If you’re on Laravel 12: there are no application-breaking changes in Laravel 13. After updating PHP and running composer update, your application should run without modification.
The new Attributes are entirely opt-in. You can adopt them on new files immediately and leave existing models untouched indefinitely. There’s no deprecation warning for the property-based approach.
Should You Adopt Attributes Immediately?
For new projects starting after March 17: yes, use Attributes from day one. They’re cleaner, more readable, and signal intent at the top of the class rather than burying configuration in properties.
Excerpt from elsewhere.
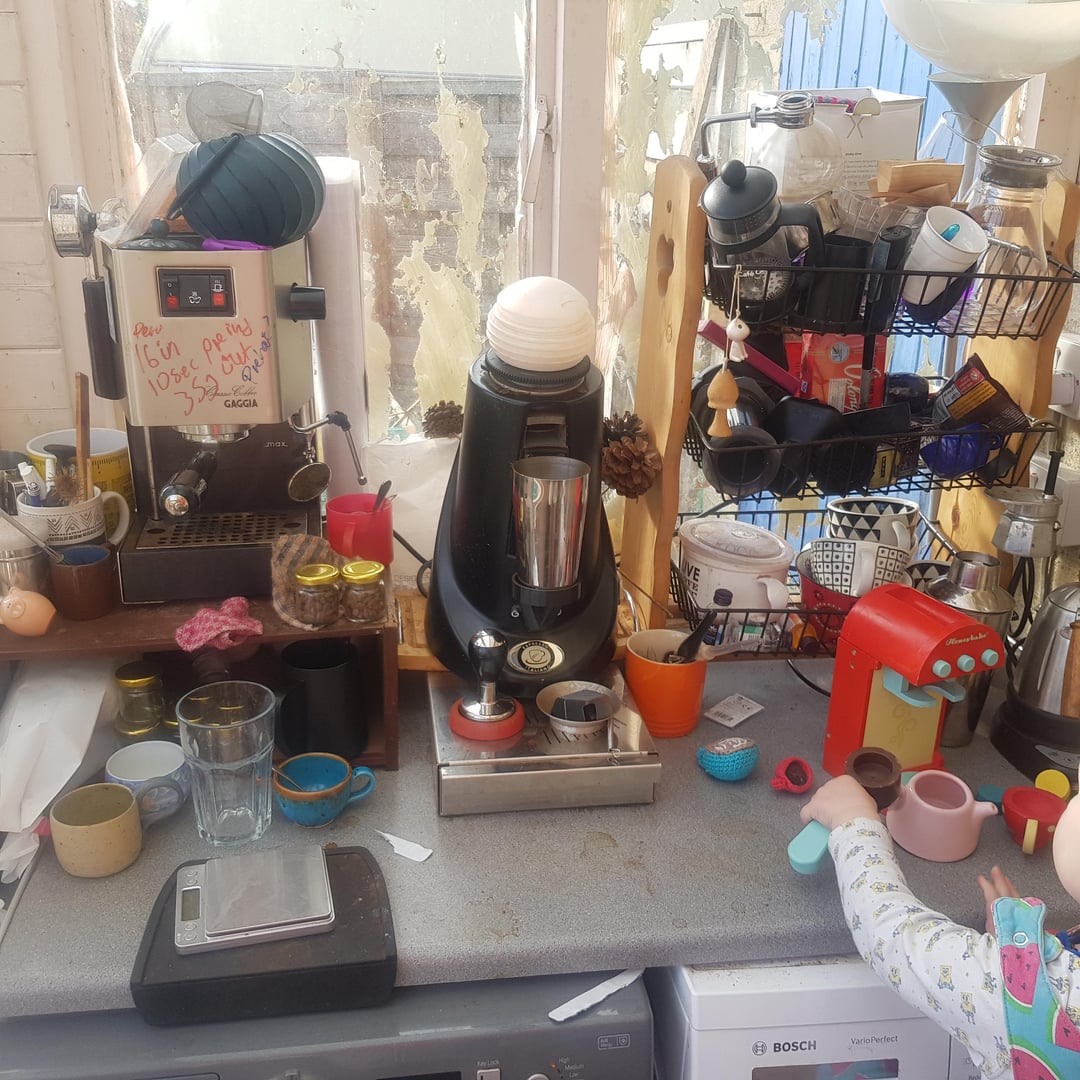 Finally got some shelves to organise my coffee space! (second photo is before) next: rip out the whole shack!by but-first—-coffee 2 Comments but-first----coffee 4 years ago left to rightmany cupsgaggia classicmany cupsbean storage (from hobby craft)hot chocolate gear (including baking essences for flavouring, screw syrups!)second espresso machine (for younger connoseurs)la spaziale astro 8 modded to be a single dosepid kettlebeansaeropresssyphoncafetierchemexnot quite pictured is a cold brewer joedurette 4 years ago Your daughter espresso machine is adorable.Write A CommentYou must be logged in to post a comment.

For existing projects: adopt them gradually. The best time to migrate a model is when you’re already editing it. Don’t create a separate PR just to move properties to attributes — let it happen organically as you work through the codebase.
For Cache::touch(): adopt it immediately wherever you’re doing TTL extension. Every instance of Cache::get() followed by Cache::put() solely to extend a TTL is a candidate for replacement.
The Bigger Picture
Laravel 13 is a deliberately conservative release. Two well-scoped features. No breaking changes. A PHP version bump that was overdue.
That’s not a weakness — it’s the release strategy that keeps Laravel’s upgrade path painless. The framework team has earned trust by never making major upgrades traumatic. Laravel 13 continues that record.
The Attributes feature is the more significant of the two. It’s the framework saying: PHP’s language features have matured enough to use directly, without wrapping them in our own patterns. That alignment between framework conventions and language idioms tends to compound over time — expect more Attribute-based APIs in Laravel 14 and beyond.
Mark March 17 in your calendar. The upgrade will take less than an afternoon.